My Acer Aspire 5515 could use a bit more juice, so I was thinking of installing an AMD Athlon 64 X2 5050e Brisbane 2.6GHz dual core (found at http://www.newegg.com/Product/Produ...ogle-_-Processors+-+Desktops-_-AMD-_-19103298)

I've done some internet crawling and I'm pretty sure it has the right compatibility and power usage for my laptop, but any confirmation on that would be great. Any other related suggestions?

Also, what kinds of places typically install CPUs and how much can I expect to pay?
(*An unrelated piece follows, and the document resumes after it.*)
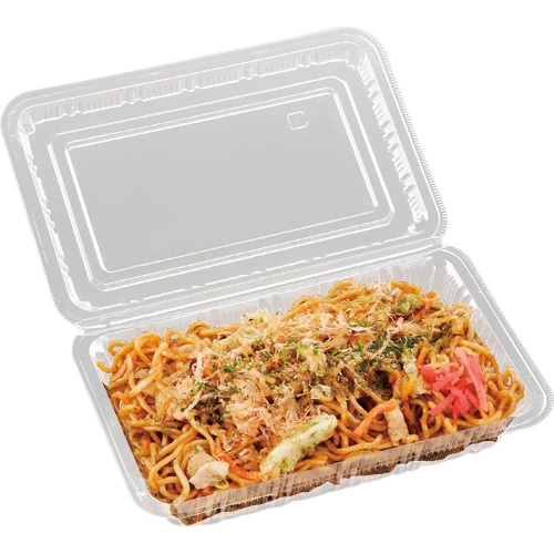 お手軽!屋台や総菜コーナーでおなじみ、フタ一体型使い切り容器。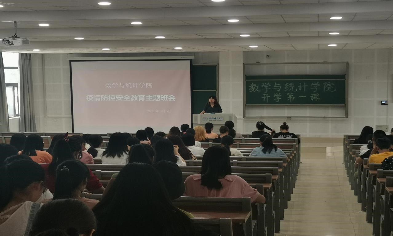 本网讯 为加强学生自我防范意识,提高学生学习积极性,9月5日上午,今年会jinnianhuicom在滨湖校区博学楼A108教室举行新学期“开学第一课”主题班会。此次主题班会由辅导员刘全亚老师主持,今年会jinnianhuicom2019级全体学生参加。

Thanks for the help. :good::good:


----------



## johnb35 (Aug 7, 2009)

Newegg does not have any AMD mobile processors.  The processor you picked is for a desktop.  Some processors can't be changed, it all depends on the motherboard used.


----------



## Drastik (Aug 7, 2009)

yargdpirate said:


> My Acer Aspire 5515 could use a bit more juice, so I was thinking of installing an AMD Athlon 64 X2 5050e Brisbane 2.6GHz dual core (found at http://www.newegg.com/Product/Produ...ogle-_-Processors+-+Desktops-_-AMD-_-19103298)
> 
> I've done some internet crawling and I'm pretty sure it has the right compatibility and power usage for my laptop, but any confirmation on that would be great. Any other related suggestions?
> 
> ...



i wouldnt pay anyone to do it, installing a cpu is pretty straightforward just like installing ram, but its important to get the cpu paste part right, unless you have a retail version which will probably be easier


----------



## yargdpirate (Aug 7, 2009)

johnb35 said:


> Newegg does not have any AMD mobile processors.  The processor you picked is for a desktop.  Some processors can't be changed, it all depends on the motherboard used.
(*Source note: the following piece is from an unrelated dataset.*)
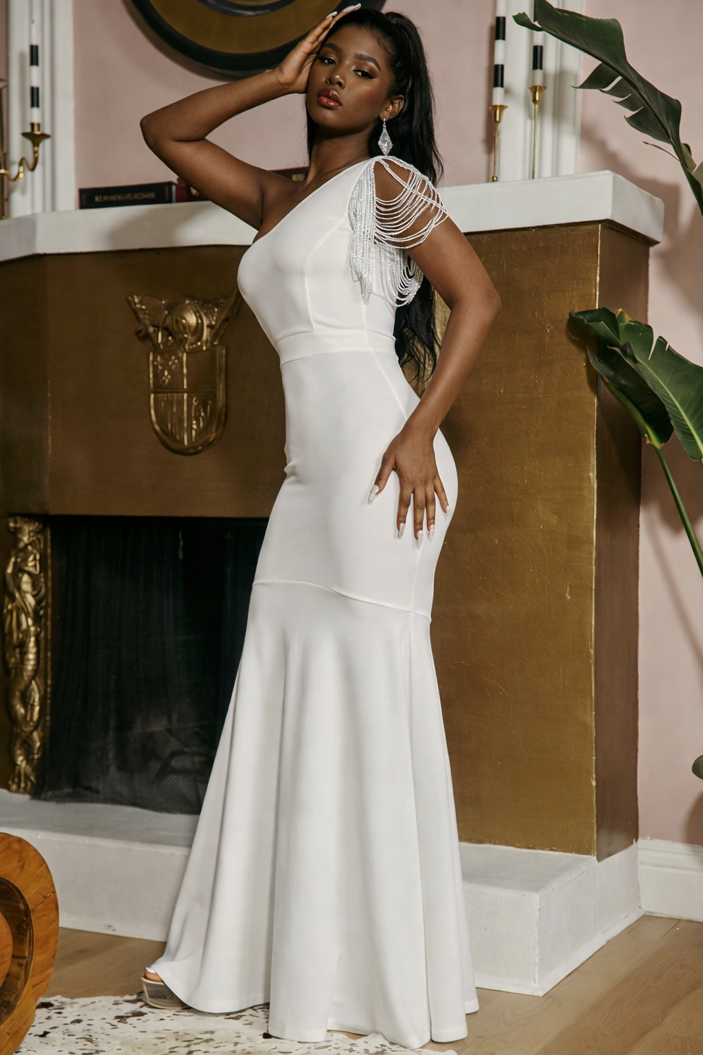 BEADED SLEEVE ONE SHOULDER MAXI DRESS MERMAID DDRESS ZIPPER BACK MODERATE STRETCH FITS TRUE TO SIZE MODEL: 5'8" SMALL SELF: 95% POLYESTER 5% SPANDEX /LINING : 100% POLYESTER

Any chips y'all can recommend for my acer aspire 5515, then?


----------



## johnb35 (Aug 7, 2009)

Contact Acer support for what processors can be used in the laptop.


----------



## 2048Megabytes (Aug 8, 2009)

It is unlikely you will be able to upgrade a processor, motherboard, or video card in a laptop, You can upgrade the memory or add a new Mini PCI card.  Laptops are very limited on what hardware you can upgrade.


----------



## Drastik (Aug 8, 2009)

Right, i forgot you were talking about a laptop. i would just contact the manufacturer and see what they say, if they say that they dont do it, then ask them if it possible, if they say it isnt, then just do it anyway if you really need to upgrade


----------



## MARAUDER2003 (Sep 1, 2009)

I have this laptop and let me tell you is the best deal for 2009. I got it for US 257 bucks. What many people don't know is that this laptop can be modded like there is no tomorrow. 
- It uses a AM2 desktop socket that you can update to any CPU that uses 45W or less so basically your X2 series BE or E versions. I installed a 5050e and it runs a bit hot but a good laptop cooler fixes that.
- You can update the mini pci express wireless card. I've been looking into a a/b/g/n intel card for 25 bucks (this laptop only has b/g). 
- Well, you can update the more obvious like ram and hdd. You can put a SSD or a 7200 rpm drive. I put a segate momentus 7200.4 320 gb since i could not afford the 500gb or the ssd. I haven't done anything scientific tests but it seemed like my battery life actually lasts longer with this drive. I also took out the 1gb ram stick and put in another 2gb so as to have 4gbs. 
- The weak point here is the power supply (65w) that you can easily upgrade to something like 100w, the stock one actually gets very hot even at stock configuration and theres been reports that the ps holds down this laptop when upgraded (i wonder if it will run the new 45w quad core cpus).
- Another weak point is the graphics card, it outdated by todays standards (X1200) but i'm only run non intensive games.
- With all this mods, you're at around 300-400 bucks (providing that you sell the items you took out the laptop on ebay), and for this dough, you're mopping the floor with those core 2 duos of equivalent price.  The only thing i didn't sell is the cpu because it's a 15w cpu than i'm gonna use in a very green server, yes, it's single core but for my needs is perfect. Hope this is of help

PS: You can run any Linux distro without any problems, WIN 7, vista and xp, i multi boot all of them with no problems (Fedora for linux).


----------